=== What you have to do ===
Down to the last line, write out the entries below exactly and omit all pictures.

Stored records
:::

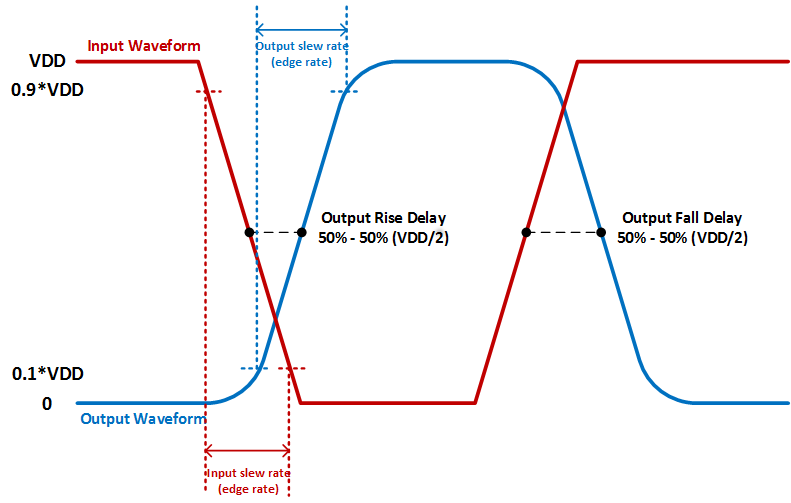 Slew rate: the time period for a signal between 0.1*vdd and 0.9*vdd.
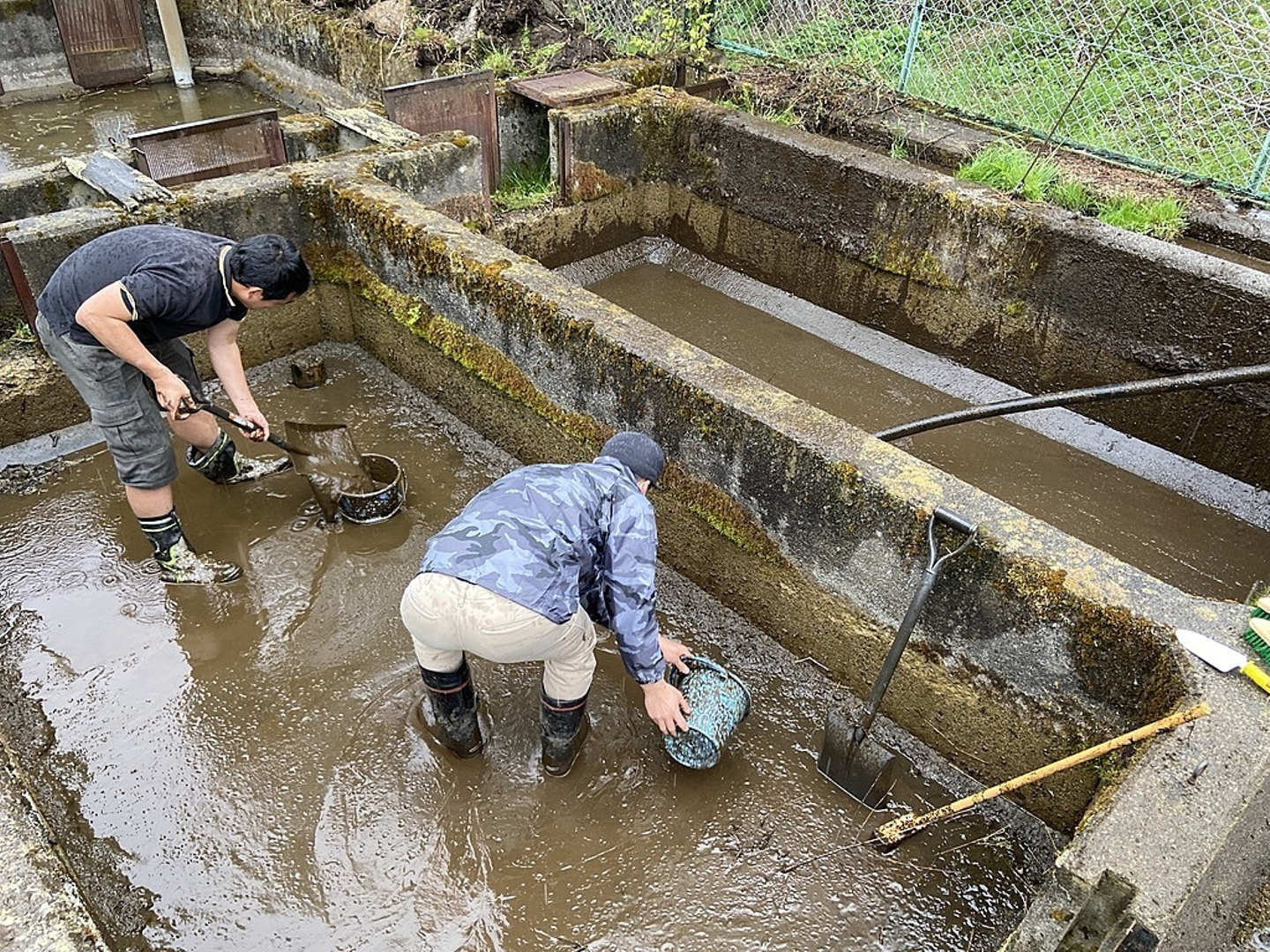 突然ですが、今、僕達はナタとノコギリ、スコップとバケツを手に泥だらけになりながら生簀を掃除しています。
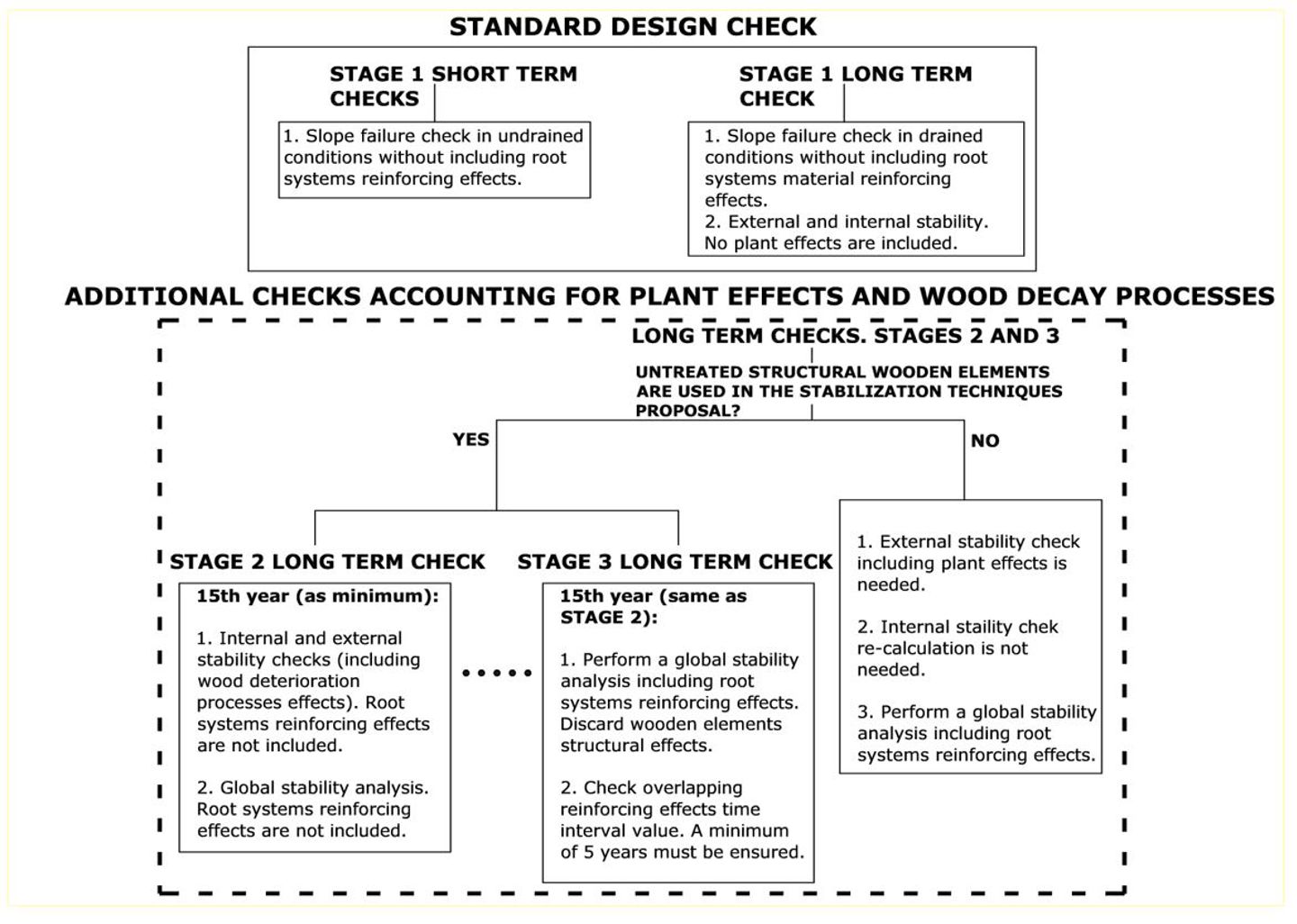 With a stress transfer approach between the utilized inert element and the evolving vegetation, a set of design time milestones are integrated throughout the soil bioengineering service life stability checks.
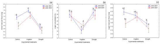 Nectar traits in B. alba cv. Palma depending on the different experimental treatments (soil moisture levels: control: 2023—56% and 2024—48%; irrigation: 2023—72% and 2024—65%; drought: 2023—35% and 2024—29%); (a) nectar amount secreted per flower life-span (mg); (b) nectar concentration (%); (c) amount of nectar sugar produced during flower life-span (mg) in 2023 and 2024. Tukey’s HSD test was applied for log-transformed data; however, the presented data are not transformed. Significant differences (p < 0.05) are marked with different letters (the treatment × year effect is shown); the whiskers show the confidence intervals (±0.95).
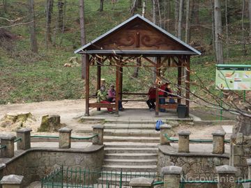 urokliwie,wprost ładnie i jakby bajecznie - ale czy te drzewa musiały być wycięte? - przy pomniku przyrody "Bełkotka". Kiedyś na obelisku z głową poety W.Pola n (Iwonicz Zdrój)
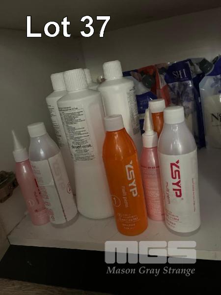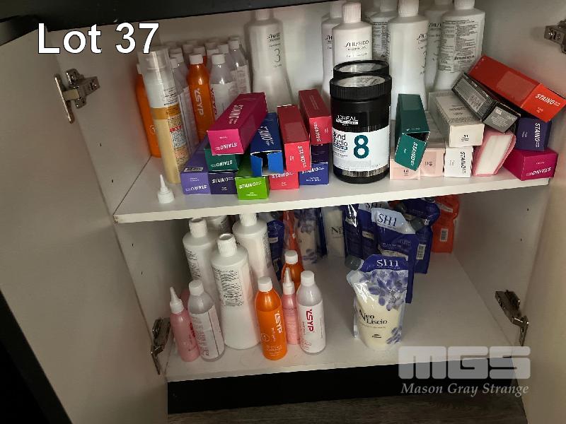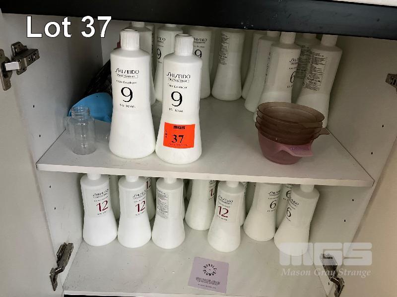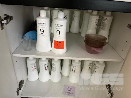 CONTENTS UNDER BENCH CUPBOARDS, LARGE QUANTITY ASSORTED HAIR PRODUCT, 37 x SHISEIDO COLOUR DEVELOPMENT, STAINO HAIR COLOUR, NEO LISCIO HAIR STRAIGHTENING PRODUCT
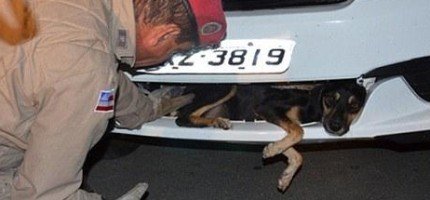 這對情侶開車開到一半在路中間看到一個小小的動物卡在土裡面掙扎。這是行車記錄器拍到的畫面。
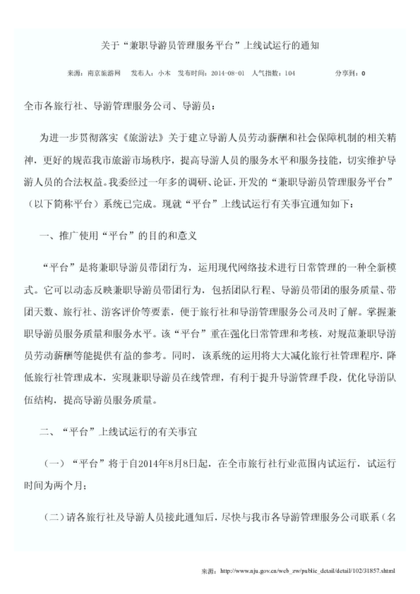 關(guān)于“兼職導(dǎo)游員管理服務(wù)平臺(tái)”上線試運(yùn)行的通知(19.00KB)
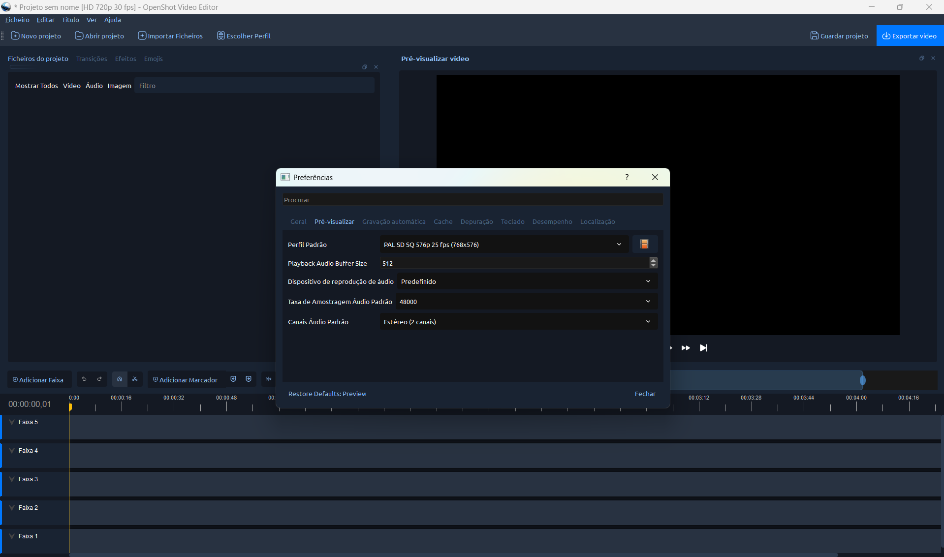 Reabertura do OpenShot e criação do vídeo com as legendas. Exportação do mesmo no formato (768x576) e em mp4.
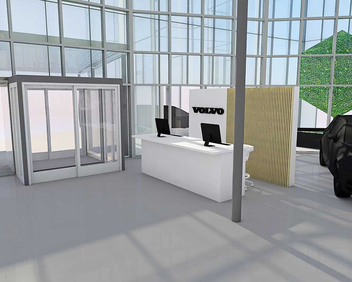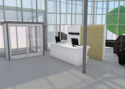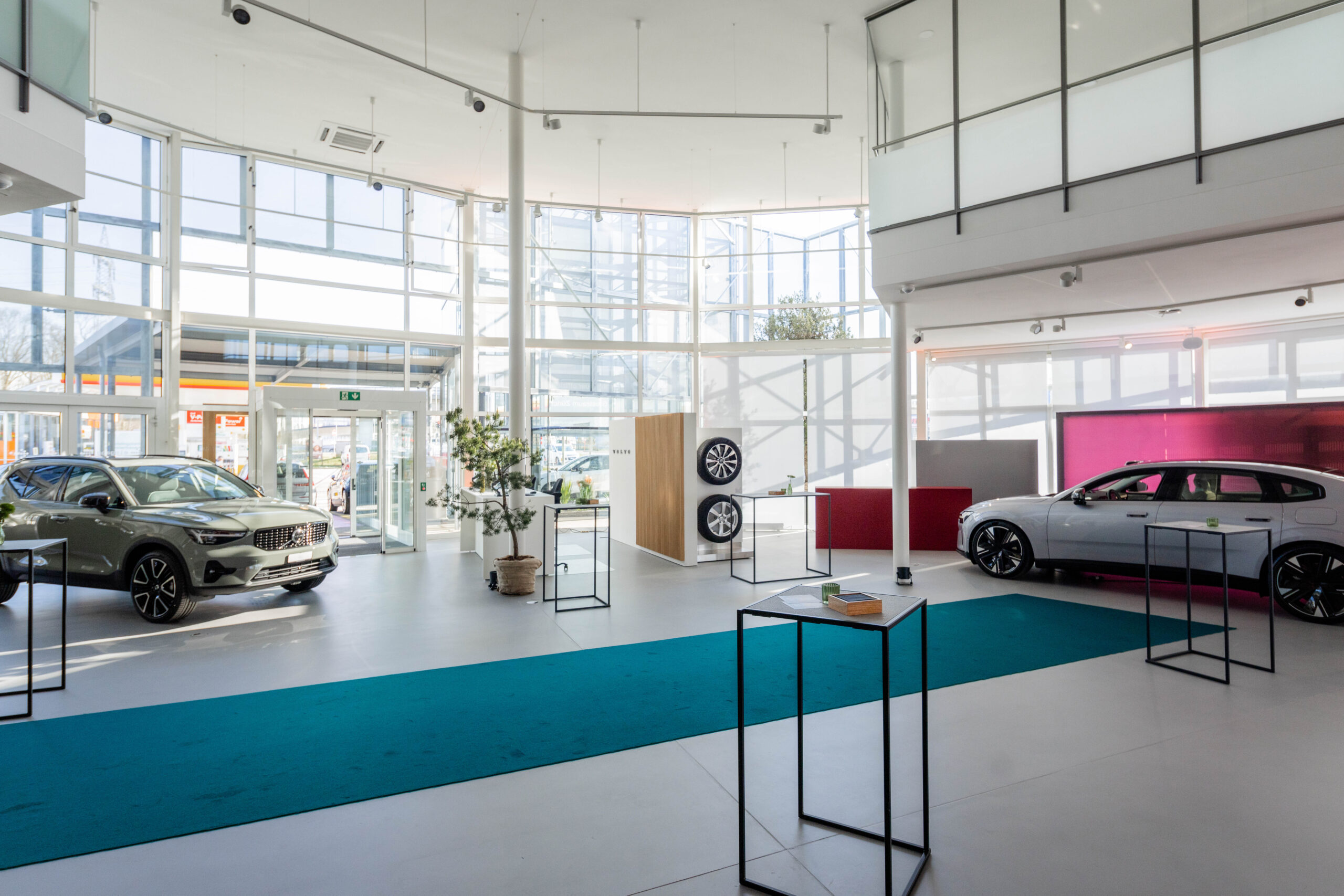 Der Showroom, ehemals auf die Marke Smart ausgelegt, wurde komplett überarbeitet und konsequent auf die Markenidentität von Volvo umgestaltet. Der Fokus lag dabei stets auf Nachhaltigkeit: Bestehende Strukturen wurden soweit wie möglich erhalten und in das neue Konzept integriert.

:::

=== Output for this exercise ===
 Slew rate: the time period for a signal between 0.1*vdd and 0.9*vdd.
 突然ですが、今、僕達はナタとノコギリ、スコップとバケツを手に泥だらけになりながら生簀を掃除しています。
 With a stress transfer approach between the utilized inert element and the evolving vegetation, a set of design time milestones are integrated throughout the soil bioengineering service life stability checks.
 Nectar traits in B. alba cv. Palma depending on the different experimental treatments (soil moisture levels: control: 2023—56% and 2024—48%; irrigation: 2023—72% and 2024—65%; drought: 2023—35% and 2024—29%); (a) nectar amount secreted per flower life-span (mg); (b) nectar concentration (%); (c) amount of nectar sugar produced during flower life-span (mg) in 2023 and 2024. Tukey’s HSD test was applied for log-transformed data; however, the presented data are not transformed. Significant differences (p < 0.05) are marked with different letters (the treatment × year effect is shown); the whiskers show the confidence intervals (±0.95).
 urokliwie,wprost ładnie i jakby bajecznie - ale czy te drzewa musiały być wycięte? - przy pomniku przyrody "Bełkotka". Kiedyś na obelisku z głową poety W.Pola n (Iwonicz Zdrój)
 CONTENTS UNDER BENCH CUPBOARDS, LARGE QUANTITY ASSORTED HAIR PRODUCT, 37 x SHISEIDO COLOUR DEVELOPMENT, STAINO HAIR COLOUR, NEO LISCIO HAIR STRAIGHTENING PRODUCT
 這對情侶開車開到一半在路中間看到一個小小的動物卡在土裡面掙扎。這是行車記錄器拍到的畫面。
 關(guān)于“兼職導(dǎo)游員管理服務(wù)平臺(tái)”上線試運(yùn)行的通知(19.00KB)
 Reabertura do OpenShot e criação do vídeo com as legendas. Exportação do mesmo no formato (768x576) e em mp4.
 Der Showroom, ehemals auf die Marke Smart ausgelegt, wurde komplett überarbeitet und konsequent auf die Markenidentität von Volvo umgestaltet. Der Fokus lag dabei stets auf Nachhaltigkeit: Bestehende Strukturen wurden soweit wie möglich erhalten und in das neue Konzept integriert.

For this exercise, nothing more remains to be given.